▶ **EXERCISE OBJECTIVE**
Set down only these lines, exactly: the line containing "第三章資格和準入,第十六條(學歷標準)有" and all lines through the end of the data below. Omit pictures.

▶ **SUPPLIED DATA**

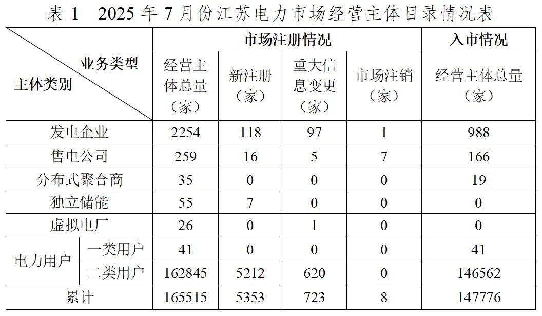 截至2025年7月31日,江苏电力市场经营主体共计165515家,其中发电企业2254家,售电公司259家,分布式聚合商35家,独立储能企业55家,虚拟电厂26家,电力用户162886家(一类用户41家,二类用户162845家)。
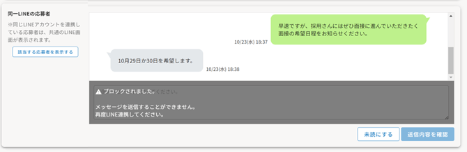 LINEは未連携になり、メッセージを送信できなくなります。応募者がブロックを解除しても自動的に再連携はされません。再度、応募者に友達登録してもらう手順を行ってください。
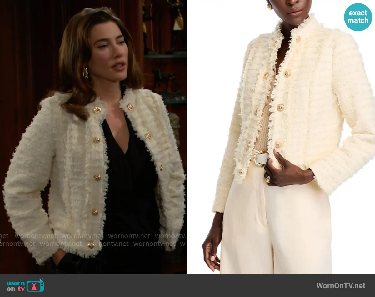 Steffy Forrester (played by Jacqueline MacInnes Wood) on The Bold and the Beautiful on CBS was spotted wearing this cream tweed jacket on The Bold and the Beautiful on Mar 19 2025's episode. Steffy's Jacket is the Fringe Tweed Jacket in Vanilla by Aqua .
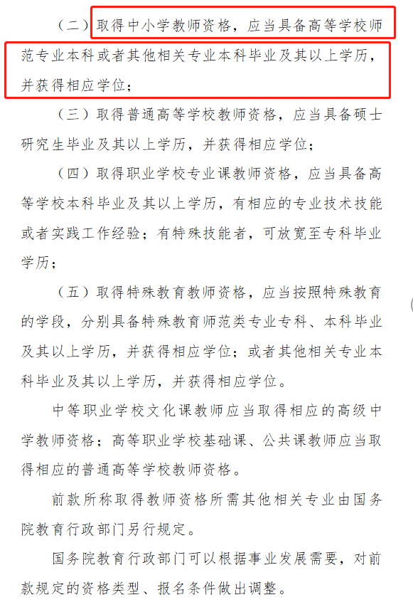 第三章資格和準入,第十六條(學歷標準)有提到取得中小學教師資格,應當具備高等學校師范專業本科或者其他相關專業本科畢業及其以上學歷,并獲得相應學位。
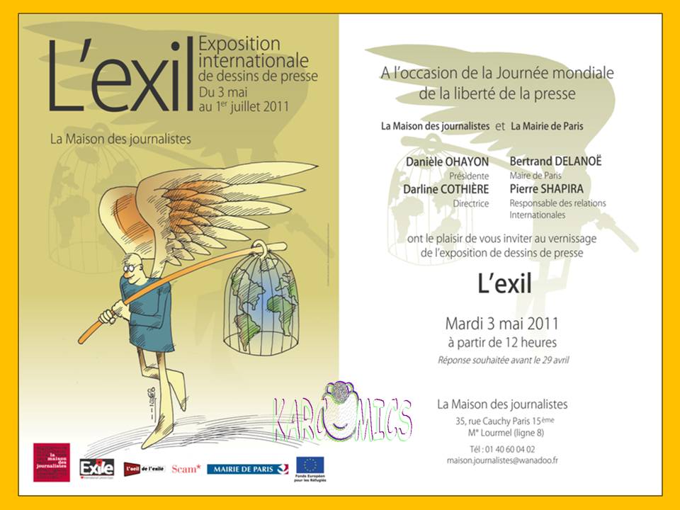 invitation au vernissage de L’exil exposition de dessins de presse 3 Mai 2011 -1 Juillet 2011 |

▶ **EXPECTED ANSWER**
 第三章資格和準入,第十六條(學歷標準)有提到取得中小學教師資格,應當具備高等學校師范專業本科或者其他相關專業本科畢業及其以上學歷,并獲得相應學位。
 invitation au vernissage de L’exil exposition de dessins de presse 3 Mai 2011 -1 Juillet 2011 |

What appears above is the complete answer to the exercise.